Memory_access_latency function work flow

The following is the declared separating latency for all iterations:

figure a

In addition to using sequential loops for further optimization, another method of reducing latency is to combine them all. By flattening the nested loop, it is possible to reduce additional latency, which is a positive development (Balasa et al. 2017). This directive should be applied to the loop that is located at the innermost point of its parent loop body in order to flatten it out. It can be defined as: Set_directive_loop_flatten top/inner.

Implementation and results

The memory controller implementation were evaluation using trace based simulation. A VHDL testbench was used to read request from a text file and them to the controller via the host input interface. The testbench records requests as complete when they are signalled on the host output interface, which simulates the overall latency of memory request to real host as shown in Fig. 8.

Fig. 8
figure 8

Simulation method

The testbench load request as fast as possible without regard for the timing information in the trace is itself dependent on the average memory access time and using it would not give an accurate picture of how the design implemented in this work actually affect the average memory latency. It would have been preferable to perform the trace-based simulation using realistic timing, but the inter dependence of the rate at which memory requests are used with the average response time for the memory requests makes the synthesis of such timing difficult. Therefore, the traces were read into the simulation as quickly as posible. Accelerated traces allow the controller to achieve its maximum possible performance because the maximum amount of concurrency is available. Although using accelerated traces can hide some of the downfalls of certain controller implementations.

However, because of intellectual property protection, obtaining memory figures that are suitable for use in industrial applications is difficult. The use of nonlinear regression modelling of memory properties in conjunction with a black box approach is one approach that can be used to deal with a lack of available numbers in this scenario.
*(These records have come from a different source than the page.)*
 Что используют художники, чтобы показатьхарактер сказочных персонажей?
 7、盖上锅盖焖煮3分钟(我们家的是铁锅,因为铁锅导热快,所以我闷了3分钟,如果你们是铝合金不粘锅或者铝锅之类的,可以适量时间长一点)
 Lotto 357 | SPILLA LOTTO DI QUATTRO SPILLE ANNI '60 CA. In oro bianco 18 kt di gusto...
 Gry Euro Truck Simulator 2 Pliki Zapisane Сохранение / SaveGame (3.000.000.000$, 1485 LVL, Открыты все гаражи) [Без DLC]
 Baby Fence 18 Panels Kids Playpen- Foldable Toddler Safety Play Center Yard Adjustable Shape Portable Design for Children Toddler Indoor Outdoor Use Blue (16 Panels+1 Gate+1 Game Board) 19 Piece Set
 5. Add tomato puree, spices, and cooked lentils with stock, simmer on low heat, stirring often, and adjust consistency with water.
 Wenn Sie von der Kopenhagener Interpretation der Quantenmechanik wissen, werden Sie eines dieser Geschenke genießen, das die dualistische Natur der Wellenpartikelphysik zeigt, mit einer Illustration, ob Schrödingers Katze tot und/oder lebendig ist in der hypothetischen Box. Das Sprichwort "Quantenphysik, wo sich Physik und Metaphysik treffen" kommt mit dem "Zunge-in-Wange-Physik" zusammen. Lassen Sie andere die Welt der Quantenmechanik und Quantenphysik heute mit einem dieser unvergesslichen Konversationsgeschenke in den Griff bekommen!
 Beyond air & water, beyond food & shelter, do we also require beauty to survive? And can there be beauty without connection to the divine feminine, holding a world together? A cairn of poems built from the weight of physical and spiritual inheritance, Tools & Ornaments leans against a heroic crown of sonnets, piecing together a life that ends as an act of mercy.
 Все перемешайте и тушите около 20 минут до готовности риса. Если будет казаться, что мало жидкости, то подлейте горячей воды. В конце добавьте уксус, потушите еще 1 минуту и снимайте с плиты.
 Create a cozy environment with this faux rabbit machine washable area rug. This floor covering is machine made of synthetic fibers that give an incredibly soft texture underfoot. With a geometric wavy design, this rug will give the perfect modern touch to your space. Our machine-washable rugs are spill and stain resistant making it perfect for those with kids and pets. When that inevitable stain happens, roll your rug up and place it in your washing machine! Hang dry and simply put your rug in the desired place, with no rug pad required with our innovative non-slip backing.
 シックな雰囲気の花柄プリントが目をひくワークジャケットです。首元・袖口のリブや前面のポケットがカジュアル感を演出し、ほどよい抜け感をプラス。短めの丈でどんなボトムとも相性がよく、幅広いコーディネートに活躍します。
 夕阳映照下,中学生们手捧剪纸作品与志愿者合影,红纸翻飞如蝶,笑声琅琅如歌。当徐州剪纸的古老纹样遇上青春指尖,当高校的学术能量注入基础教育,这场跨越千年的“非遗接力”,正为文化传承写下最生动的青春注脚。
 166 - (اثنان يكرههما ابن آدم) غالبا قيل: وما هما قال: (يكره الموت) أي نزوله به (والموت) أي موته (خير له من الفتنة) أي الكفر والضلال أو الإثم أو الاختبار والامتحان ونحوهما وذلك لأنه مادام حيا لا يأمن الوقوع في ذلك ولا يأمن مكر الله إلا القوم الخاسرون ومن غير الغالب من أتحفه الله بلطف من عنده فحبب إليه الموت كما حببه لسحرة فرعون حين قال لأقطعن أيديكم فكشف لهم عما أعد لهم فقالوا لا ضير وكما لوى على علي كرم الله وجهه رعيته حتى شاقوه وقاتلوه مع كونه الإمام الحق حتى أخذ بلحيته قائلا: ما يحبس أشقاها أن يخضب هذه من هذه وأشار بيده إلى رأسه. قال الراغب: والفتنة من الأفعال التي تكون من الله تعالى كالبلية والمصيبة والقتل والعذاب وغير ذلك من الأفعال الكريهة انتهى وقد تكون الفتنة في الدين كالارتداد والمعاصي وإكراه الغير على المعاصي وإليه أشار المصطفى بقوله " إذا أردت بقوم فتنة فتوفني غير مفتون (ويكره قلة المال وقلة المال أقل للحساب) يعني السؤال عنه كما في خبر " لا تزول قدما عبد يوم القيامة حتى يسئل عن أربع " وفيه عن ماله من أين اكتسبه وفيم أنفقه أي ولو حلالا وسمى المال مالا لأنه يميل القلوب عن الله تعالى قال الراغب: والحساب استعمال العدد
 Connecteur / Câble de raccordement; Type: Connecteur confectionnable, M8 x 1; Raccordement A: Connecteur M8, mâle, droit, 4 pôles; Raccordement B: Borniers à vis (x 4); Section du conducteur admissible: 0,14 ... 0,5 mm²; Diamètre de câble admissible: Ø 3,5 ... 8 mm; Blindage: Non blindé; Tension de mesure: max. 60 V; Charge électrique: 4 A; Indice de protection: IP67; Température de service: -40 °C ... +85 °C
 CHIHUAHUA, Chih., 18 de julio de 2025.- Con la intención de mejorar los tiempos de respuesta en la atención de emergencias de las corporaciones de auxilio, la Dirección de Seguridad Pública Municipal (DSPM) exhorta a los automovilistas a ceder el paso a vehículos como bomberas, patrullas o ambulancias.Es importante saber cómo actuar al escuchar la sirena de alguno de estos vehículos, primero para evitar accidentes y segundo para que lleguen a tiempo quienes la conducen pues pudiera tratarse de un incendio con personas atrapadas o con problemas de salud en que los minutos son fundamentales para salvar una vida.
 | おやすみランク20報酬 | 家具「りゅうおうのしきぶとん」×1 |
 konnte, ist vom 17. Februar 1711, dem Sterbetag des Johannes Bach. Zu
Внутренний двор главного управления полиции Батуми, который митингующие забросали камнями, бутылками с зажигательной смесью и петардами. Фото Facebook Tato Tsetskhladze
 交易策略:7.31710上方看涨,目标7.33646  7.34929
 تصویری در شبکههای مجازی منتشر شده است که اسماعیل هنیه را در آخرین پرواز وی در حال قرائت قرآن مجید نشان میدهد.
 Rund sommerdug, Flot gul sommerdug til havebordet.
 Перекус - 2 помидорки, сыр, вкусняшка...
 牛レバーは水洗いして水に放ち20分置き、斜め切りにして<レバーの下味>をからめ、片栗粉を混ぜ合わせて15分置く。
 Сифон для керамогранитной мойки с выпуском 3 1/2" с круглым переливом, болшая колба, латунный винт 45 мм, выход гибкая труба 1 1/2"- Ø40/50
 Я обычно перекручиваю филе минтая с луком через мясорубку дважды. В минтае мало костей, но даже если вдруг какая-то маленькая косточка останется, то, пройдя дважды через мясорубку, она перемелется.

Figures 9 and 10 show the simulation results of the proposed method. RTL and Technology diagram of the cache memory block of the proposed method. Everything about memory characteristics that were used in the experimental evaluation was presented in the same way it had been before.

Fig. 9
figure 9

Technology view of cache memory block

Fig. 10
figure 10

RTL schematic view of memory block

As shown in Fig. 11, the results of dynamic energy minimization experiments conducted on 16 benchmark applications in terms of normalised average power consumption, along with a power analysis performed on the proposed algorithm, were compared to the theoretical results. This analysis displays total power, supply power, and other information (Fig. 12).

Fig. 11
figure 11

Power consumption based on power analysis

Fig. 12
figure 12

Device utilisation

Conclusion

When developing and designing for high performance microprocessors, it is essential to develop and design an effective cache memory algorithm that generates an effective system. Memory-intensive applications can benefit from the first method, which combines optimization of memory allocation with application binding to provide a more efficient solution. It is possible to achieve application-specific dynamic energy minimization in memory subsystems when running memory-intensive applications using this method, which is particularly advantageous when running memory-intensive applications. Based on a comparison with using a single memory block only, the determined results are optimal, with average reductions of more than 80% on an ongoing basis on an ongoing basis. ELMM memory subsystem configurations with split ELMM memory subsystems have proven to be a highly efficient switch when it comes to designing low-power System-on-Chip devices. Two memory blocks can be used in this area to achieve the greatest possible improvement instead of just one memory block, which is the case with the former. It turns out, on the other hand, that the allocation of additional memories results in only a marginal increase in the amount of energy saved.